Living in an environment filled with air pollution will affect our body health, cause chronic illness, and increase the fatality rate. However, it is difficult to regulated air pollution effectively, due to the need to accurately gathering evidence to prove any illegal emission. In this research, we propose a method to exploit the ability of a drone to locate air pollution (i.e., particulate matter) emission source quickly. Utilizing the information provided by an existing sensor network, the drone is able to make correct decisions when searching for pollution sources. In the proposed system, Location Aware Sensing System (LASS) provides the continuous monitoring information of PM 2.5 (Particulate Metter 2.5) to initialization searching plan by limiting a searching area. In the beginning, our drone utilizes the PM2.5 concentration information provided by LASS to adjust its searching direction and distance to an intermediate point. After an intermediate location point is reached, our drone will stop and sense the current PM2.5 concentration. Next, the drone continues to adjust the searching path with its searching direction and distance when the concentration level increased, respectively. The three searching path strategies are proposed - Greedy, Dynamic, and Hybrid Approach. The searching process repeats itself until ten of the continuous sensed PM2.5 concentration levels dropped below a threshold or the power of drone fell lower than the maximum flight time (with the reserved power for the return home distance). Once the searching process is finished, the location of the air pollution emission source is estimated by the highest contraction level measured by drone. The three of proposed strategies are compared with Random Way-Point and Space-Filling Curve. Experiment results show our proposed techniques are able to achieve estimation error below 2 meters within 20 minutes.

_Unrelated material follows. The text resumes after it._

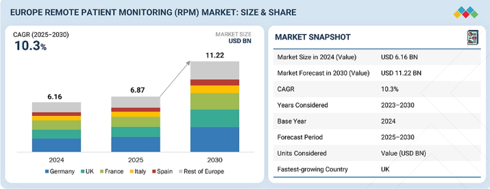 欧州のリモート患者モニタリング(RPM)市場は、2025年の68億7,000万米ドルから2030年までに112億2,000万米ドルに達すると予測されており、2025年から2030年までの年間平均成長率(CAGR)は10.3%となる見込みである。市場成長は、在宅ケアモデルへの投資増加、国境を越えたデジタルヘルスインフラの強化、分散型環境における早期介入支援・再入院削減・ケア継続性向上のためのリアルタイム患者データに対する医療提供者の需要増大によって牽引されている。

[ 1 ] Lilienthal, A., & Duckett, T. (2003, June). A stereo electronic nose for a mobile inspection robot. In Robotic Sensing, 2003. ROSE'03. 1st International Workshop on (pp. 6-pp). IEEE.
[ 2 ] Pashami, S., Asadi, S., & Lilienthal, A. J. (2010). Integration of openfoam flow simulation and filament-based gas propagation models for gas dispersion simulation. In Proceedings of the Open Source CFD International Conference (p. 2).
[ 3 ] Villa, T. F., Salimi, F., Morton, K., Morawska, L., & Gonzalez, F. (2016). Development and validation of a UAV based system for air pollution measurements. Sensors, 16(12), 2202.
[ 4 ] Villa, T. F., Gonzalez, F., Miljievic, B., Ristovski, Z. D., & Morawska, L. (2016). An overview of small unmanned aerial vehicles for air quality measurements: Present applications and future prospectives. Sensors, 16(7), 1072.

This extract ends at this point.